Court Follows Opening Provided By Justice Sonia Sotomayor's Concurrence In Viking Cruises v. Moriana.
Following the Supreme Court opinion in Viking Cruises v. Moriani, there could be no disagreement that employee Million Seifu's individual PAGA claim against Lyft for personal Labor Code violations he suffered could be arbitrated. But that left the hot issue to be decided: whether he had standing, after his individual claim had been directed to arbitration, to bring a representative claim for other employees.
In Milton Seifu v. Lyft, Inc., B301774 (2/4 3/30/23) (Collins, Currey, Stone), the court explained that Seifu did have standing: "We conclude that we are not bound by the analysis of PAGA standing set forth in Viking River. As Justice Sotomayor recognized in her concurring opinion, PAGA standing is a matter of state law that must be decided by California courts. Until we have guidance from the California Supreme Court, our review of PAGA and relevant state decisional authority leads us to conclude that a plaintiff is not stripped of standing to pursue non-individual PAGA claims simply because his or her individual PAGA claim is compelled to arbitration." The court remanded to the trial court to decide whether the representative claims should be stayed pending arbitration of the individual.

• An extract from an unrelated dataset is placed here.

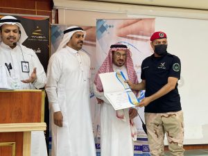 وفي نهاية الدورة ، تم تكريم شركة معاهد طيبة العالية للتدريب على رعايتهم البرنامج ممثلة بمديرة العلاقات العامة للشركة.

The court relied on the California Supreme Court case Kim v. Reins International, 9 Cal.5th 13 (2020) to reach its conclusion that Seifu had standing under California law. The law is remedial and given a liberal interpretation to effect the Legislature's purpose of enforcing California's labor laws. We have blogged about other California cases that reached the same conclusion about standing: Tricia Galarasa v. Dolgen California, LLC, post dated 3/8/23, and Tom Piplack v. In-N-Out Burgers, post dated 3/20/23. We're eager to see how this turns out when the California Supreme Court decides Adolph v. Uber Technologies.